▶ Problem requirements: Copy the listing verbatim, excluding any images found in it.

▶ Information provided:
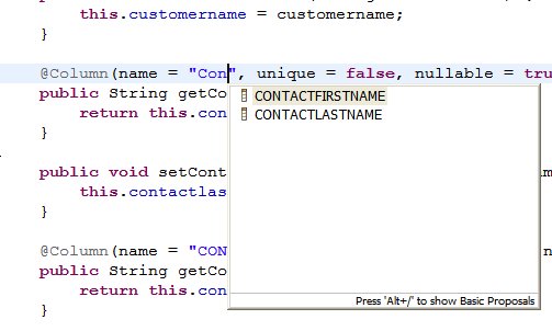 逆向工程過程是完全可定制的。使用JPA逆向工程向導,可以選擇要生成的工件以及該工件所基于的數據庫表。
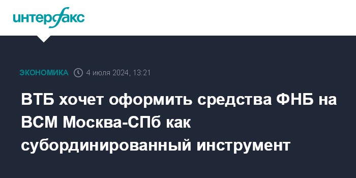 ВТБ хочет оформить средства ФНБ на ВСМ Москва-СПб как субординированный инструмент
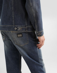 Light blue wash stretch denim jacket with a metal plate featuring the Dolce&Gabbana logo: • Regular fit • Branded metal buttons on the front • Pockets with buttons • Adjustable details on the hem • The piece measures 69 cm from the rear collar seam on a size IT 48 • The model is 185 cm tall and wears a size IT 48 • Made in Italy Care And Details External composition: 98% Cotton 2% Spandex
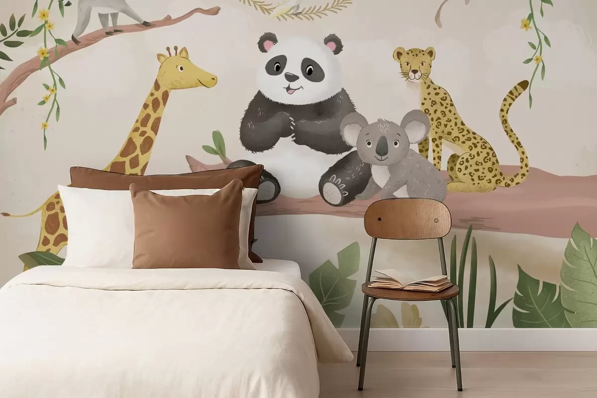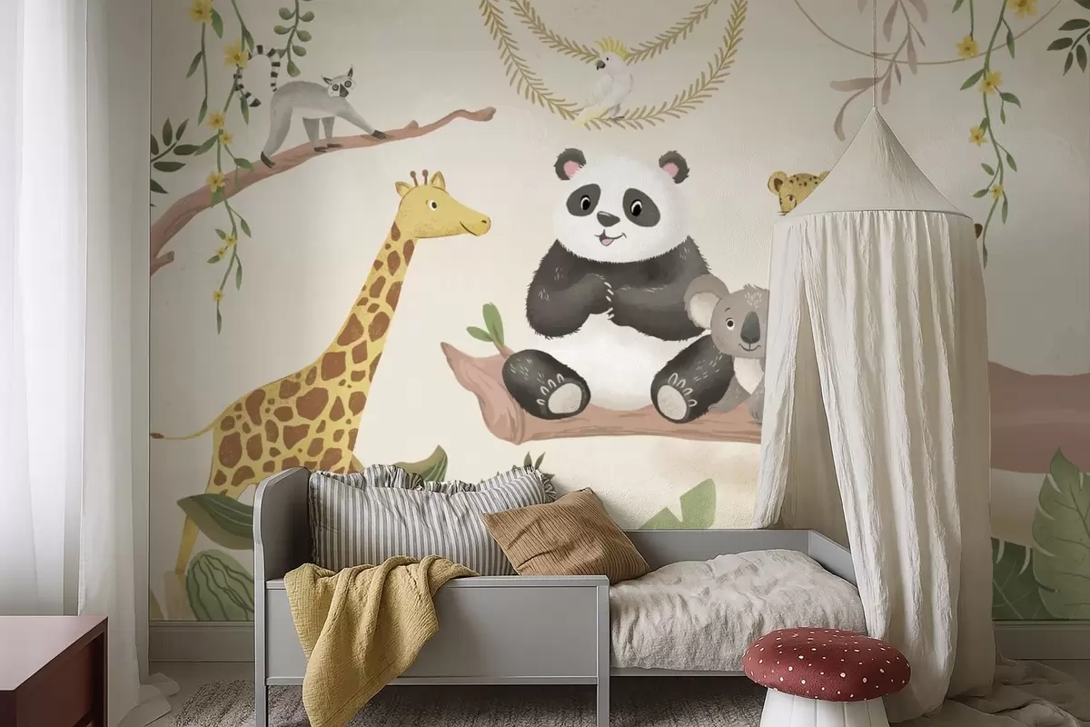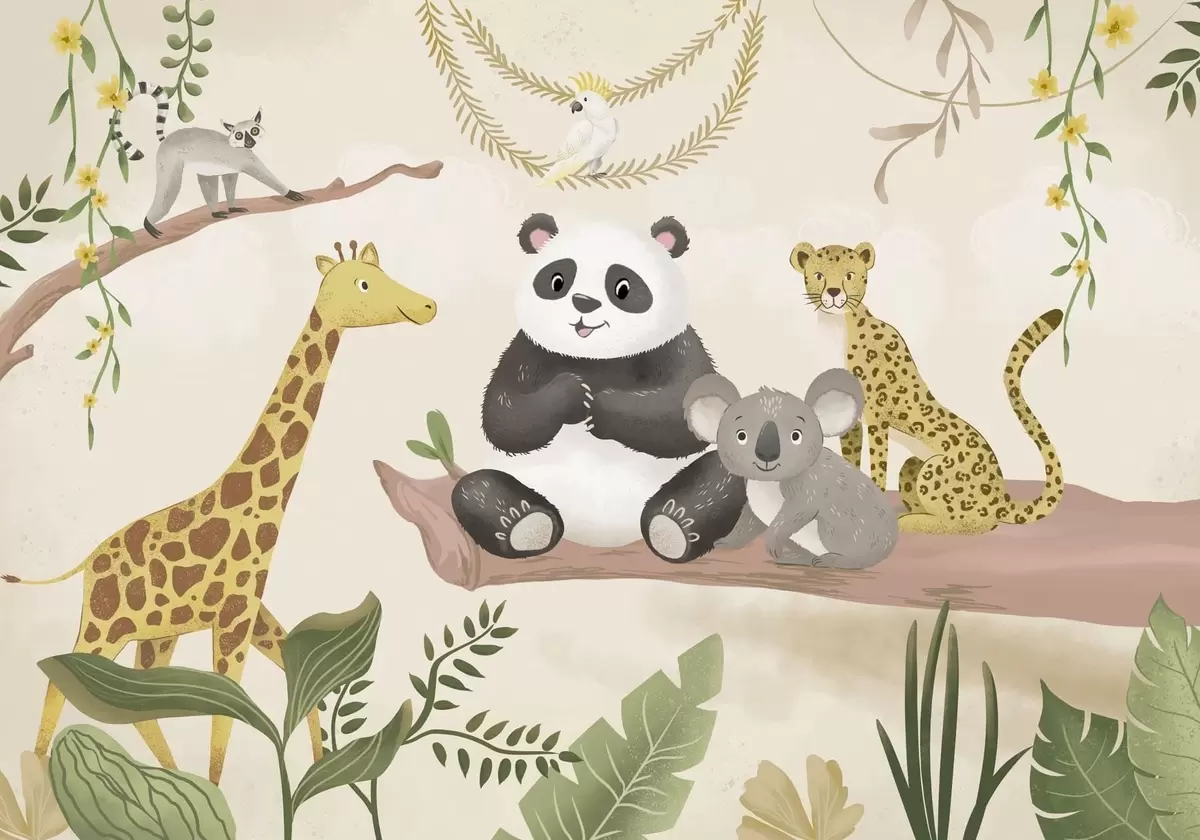 Fototapeten Niedliche Dschungeltiere auf einem Ast inmitten von Pflanzen N° w05393

▶ Answer for this exercise:
 逆向工程過程是完全可定制的。使用JPA逆向工程向導,可以選擇要生成的工件以及該工件所基于的數據庫表。
 ВТБ хочет оформить средства ФНБ на ВСМ Москва-СПб как субординированный инструмент
 Light blue wash stretch denim jacket with a metal plate featuring the Dolce&Gabbana logo: • Regular fit • Branded metal buttons on the front • Pockets with buttons • Adjustable details on the hem • The piece measures 69 cm from the rear collar seam on a size IT 48 • The model is 185 cm tall and wears a size IT 48 • Made in Italy Care And Details External composition: 98% Cotton 2% Spandex
 Fototapeten Niedliche Dschungeltiere auf einem Ast inmitten von Pflanzen N° w05393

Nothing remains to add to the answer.